DR = armor / (armor × 10/9 + C)

where C is level-dependent (C ≈ 5000 at level 60, smaller at lower levels). The 10/9 denominator factor is what caps DR near 90% asymptotically — no amount of armor reaches full damage immunity.

That percentage applies AFTER your build's damage math — base × crit × csd × boost × lh — so it covers every damage contribution including Lucky Hit procs. The engine consumes the post-curve percentage directly via the adr P% postfix; the caller (build planner, MCP tool, comparison page) computes the curve once and feeds the result in.

Engine grammar:

<attack> adr P%

Reads as "after build-side damage, subtract P% of the result." Final damage is floor(computed × (1 - P/100)) per outcome. Distinct from dr<n>, which subtracts a flat amount BEFORE the multiplier pipeline (use dr for monster physical-DR-style flat reduction; use adr for percentage armor mitigation).

Worked example — 100 @ hit 100 crit 30 csd 350 lh 25% then 2d4 adr 25% models the full D4 build pipeline from Lucky Hit above with a 25% armor reduction (the post-curve percentage for, e.g., a well-armored target at level 100). Mean drops from 176.25 pre-armor to 132.1875 post-armor — exactly 75% of the build's paper damage.
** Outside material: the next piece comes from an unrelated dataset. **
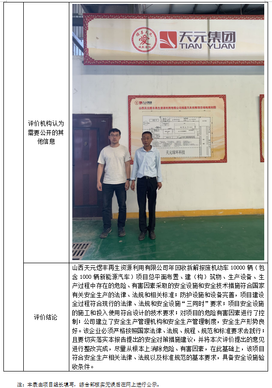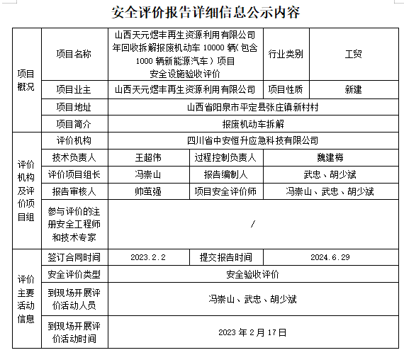 山西天元煜丰再生资源利用有限公司年回收拆解报废机动车10000辆(包含1000辆新能源汽车)项目安全设施验收评价

Pairs with the Lucky Hit and crit-vs-additive pillars to answer the recurring r/Diablo4 build-planning question: "given my armor stack and the level of content I'm pushing, how much damage am I actually doing?"

What this page covers

Per-hit damage math: the crit / csd / boost / lh / adr additive-vs-multiplicative path, applied to D4's affix stacks. Three adjacent questions compose with this answer rather than replace it:

  • Effective HP (EHP) — the defensive pipeline (resistance × armor × block × dodge) answers "can the build survive". Compose with the per-hit threshold for the clear × survive product.
  • Damage Over Time (bleed / poison / burn) — separate damage stack with its own tick rate (D4 ticks every 0.5s, 2 ticks/sec). Per Maxroll's DoT mechanics guide, the per-tick maximum is tickMax = (dotAtk × attacks_per_sec) / 2; DoTs cannot crit or overpower; and Bleed / Poison snapshot your damage buffs at application time (the buff persists for the DoT's duration even if it wears off the player). The engine's generic DoT scheduler in arpg.rs consumes a per-tick damage value; compute it via the formula above and feed in. Layer on top of the per-hit baseline this page computes.
  • Tooltip DPS vs effective DPS — tooltip shows per-hit damage; multiply by attack speed × uptime for sustained DPS. The per-hit answer is the building block.

The D4 attack model shares its outcome-decomposition machinery with the XCOM 2 game page (XCOM uses the same percentage-attack pipeline with hit/crit/graze/miss; D4 is the always-hit / crit / CSD subset). Both games surface what tooltip averages hide: the distribution shape, not just the mean.